**Given information**
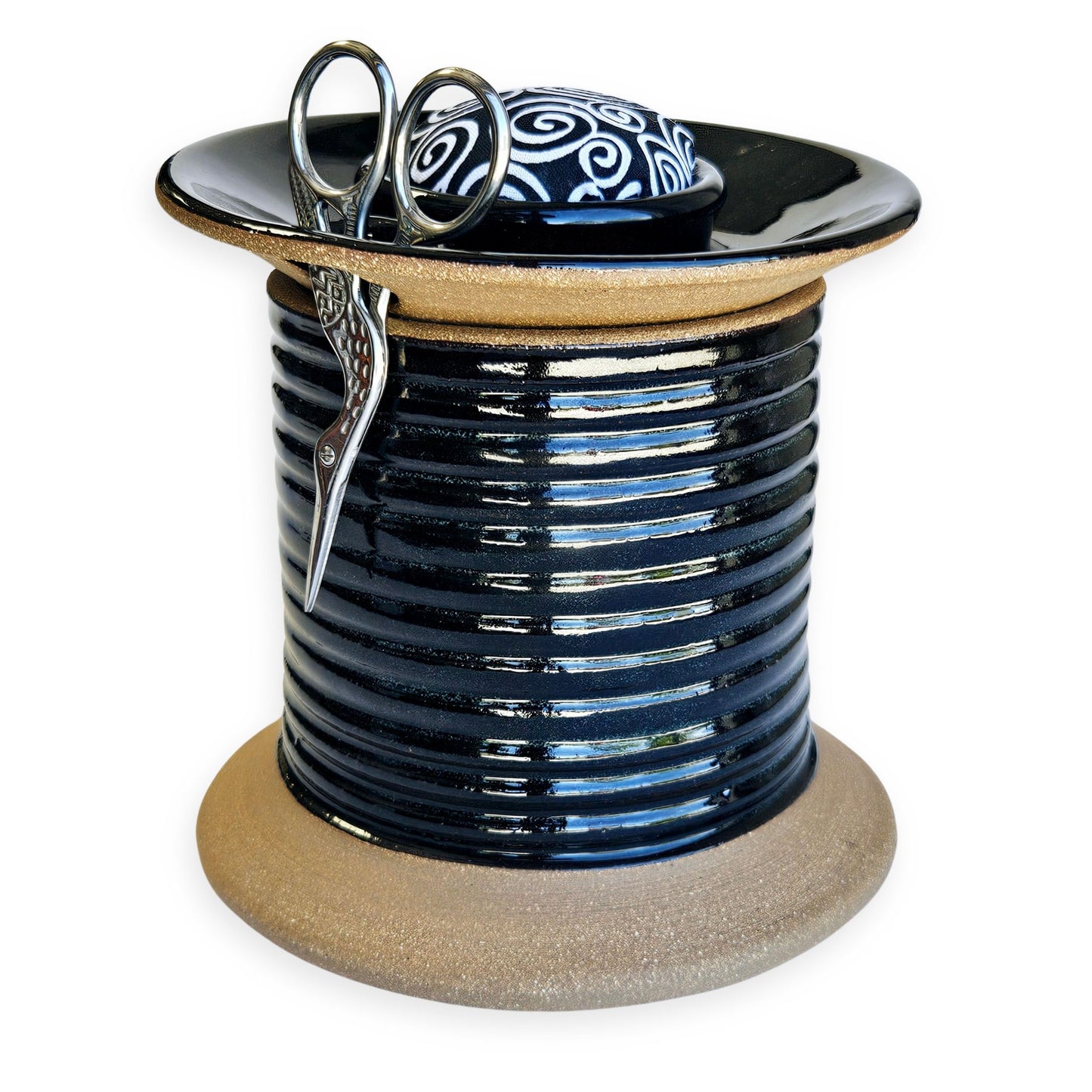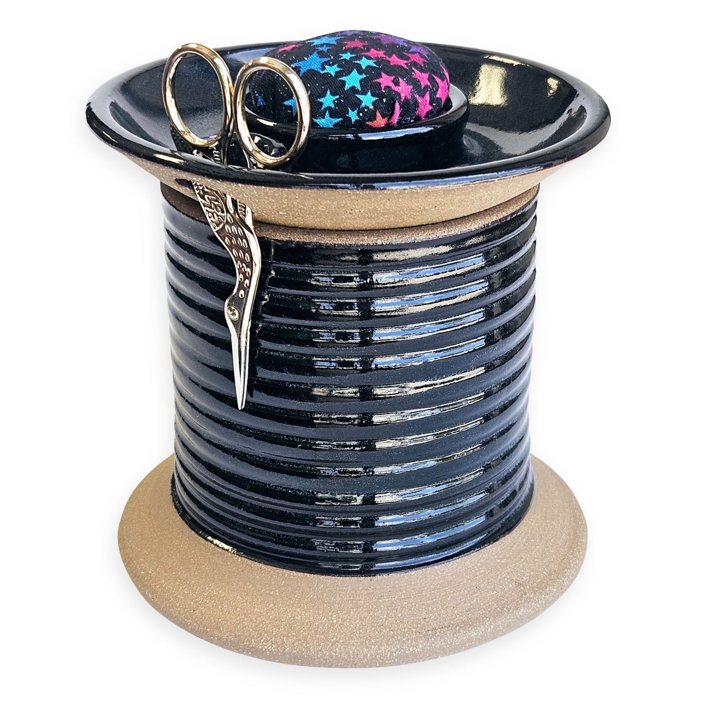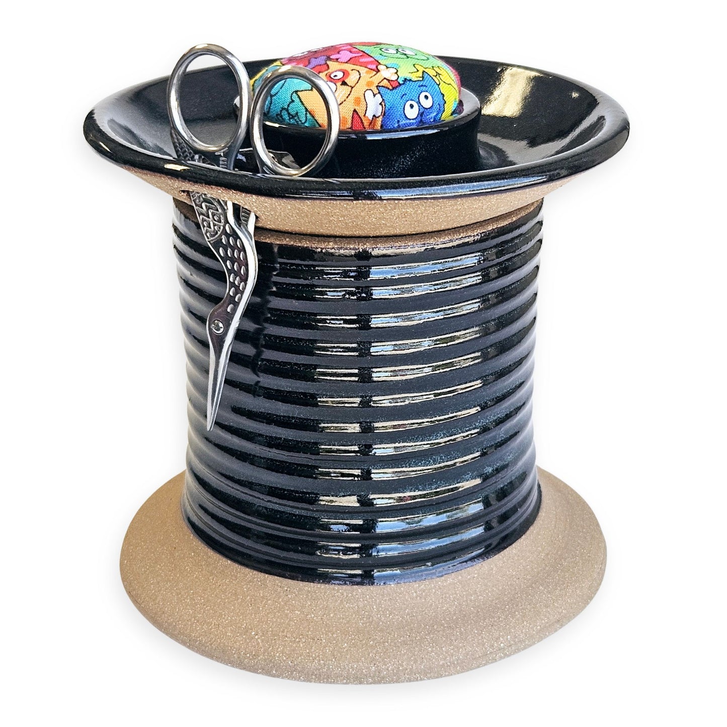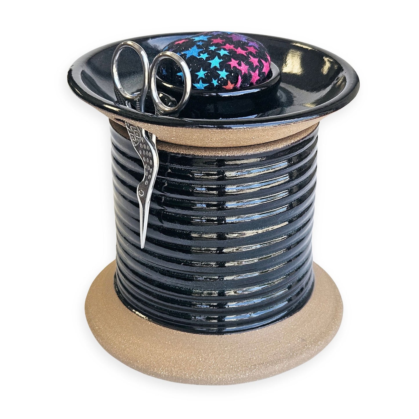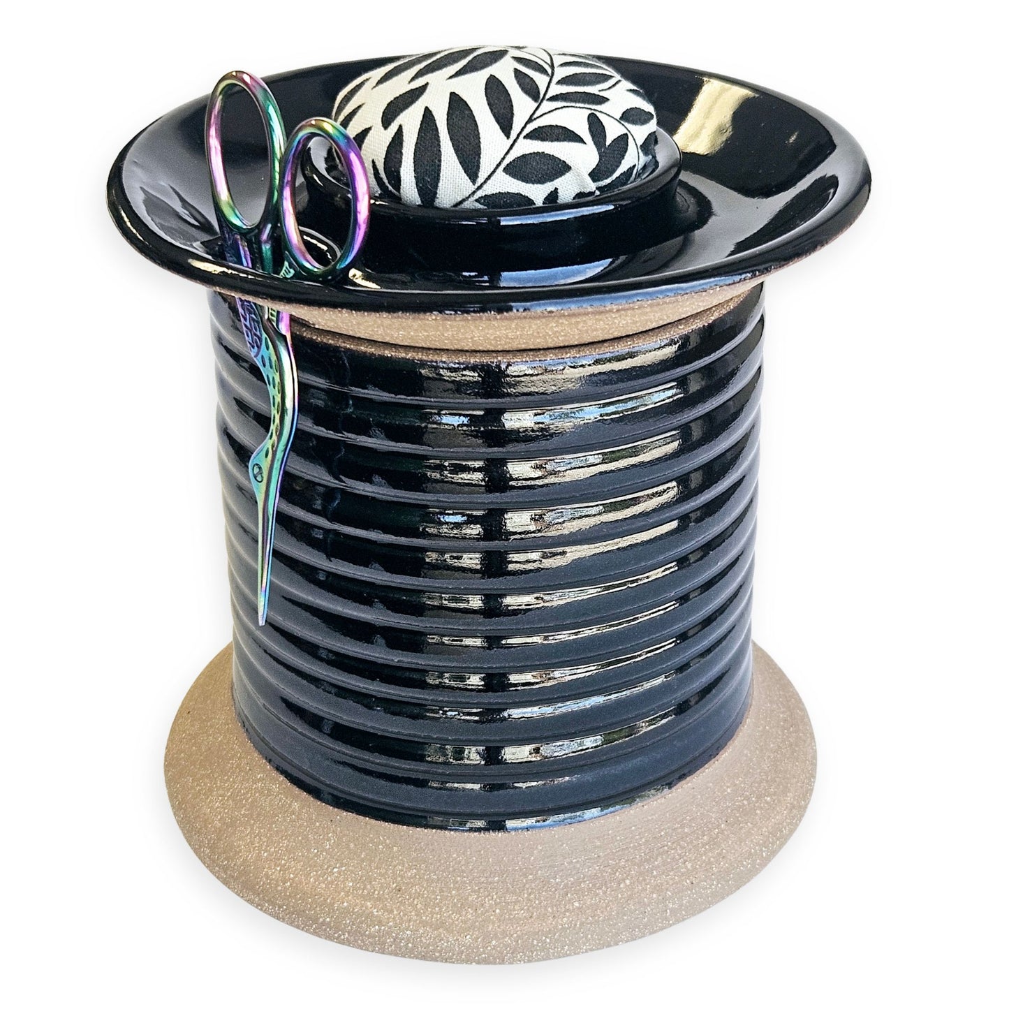 Modeled after an oversized spool of thread, this sewing caddy is your go-to station to house all of your essential implements in one convenient place. Unique gift for sewers of all abilities, novice to experienced. It is a delightful and practical addition to any sewing or crafting room. It is easily portable to your end table for some evening mending, and left out for display, it is a conversation piece. The removable lid is complete with a slot for holding scissors, bobbin storage, and it is topped with a fabric covered pincushion. The inner compartment acts as additional storage. Handmade on the potter's wheel, finished in handcrafted ceramic glazes and kiln fired.
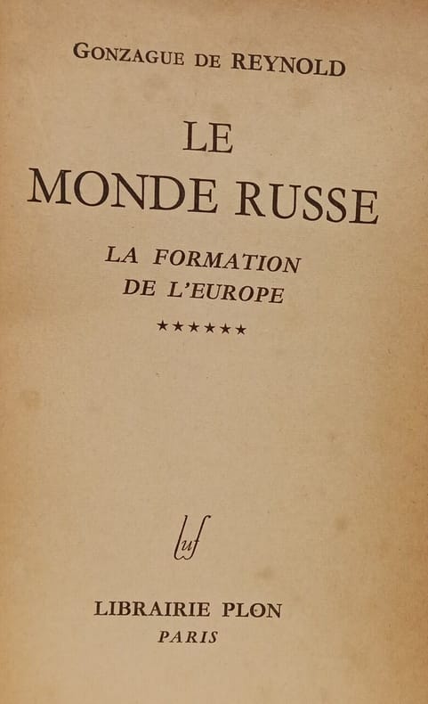 Librairie Plon 1950 in8. 1950. Broché. Sixième volume de la collection 'La Formation de l'Europe' de Gonzague de Reynold publié en 1950 qui analyse le rôle et la place du monde russe dans le processus de formation de la civilisation européenne
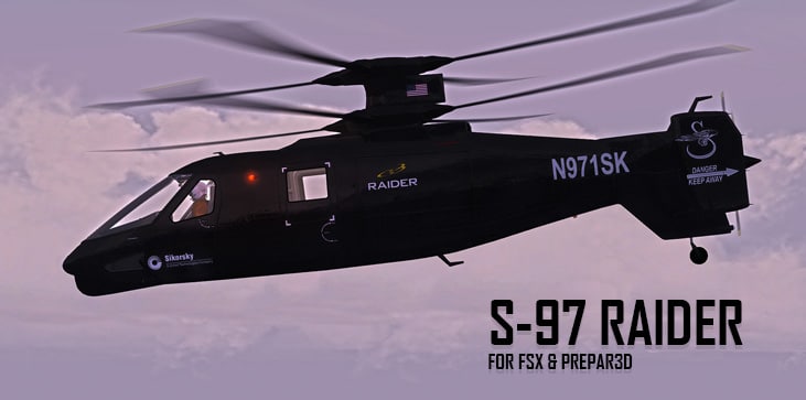Hangar18 Simulations - S-97 Raider FSX P3DThe S-97 Raider is a fast helicopter manufactured by Sikorsky that you can now fly in FSX or P3D.
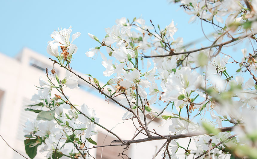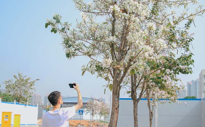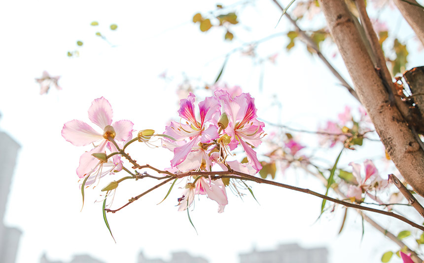近日,sunbet申搏官方网站迎来花期。洋紫荆、三角梅、朱瑾等花朵相继绽放,点缀了校园的春天,共同构成了一道秀丽的风景线,不时引来行人驻足观赏,拍照留念。图为蓝天下的白洋紫荆。

**What is required**
Could you output the entire listing verbatim while omitting its pictures?

**Answer for the task**
 Modeled after an oversized spool of thread, this sewing caddy is your go-to station to house all of your essential implements in one convenient place. Unique gift for sewers of all abilities, novice to experienced. It is a delightful and practical addition to any sewing or crafting room. It is easily portable to your end table for some evening mending, and left out for display, it is a conversation piece. The removable lid is complete with a slot for holding scissors, bobbin storage, and it is topped with a fabric covered pincushion. The inner compartment acts as additional storage. Handmade on the potter's wheel, finished in handcrafted ceramic glazes and kiln fired.
 Librairie Plon 1950 in8. 1950. Broché. Sixième volume de la collection 'La Formation de l'Europe' de Gonzague de Reynold publié en 1950 qui analyse le rôle et la place du monde russe dans le processus de formation de la civilisation européenne
Hangar18 Simulations - S-97 Raider FSX P3DThe S-97 Raider is a fast helicopter manufactured by Sikorsky that you can now fly in FSX or P3D.
近日,sunbet申搏官方网站迎来花期。洋紫荆、三角梅、朱瑾等花朵相继绽放,点缀了校园的春天,共同构成了一道秀丽的风景线,不时引来行人驻足观赏,拍照留念。图为蓝天下的白洋紫荆。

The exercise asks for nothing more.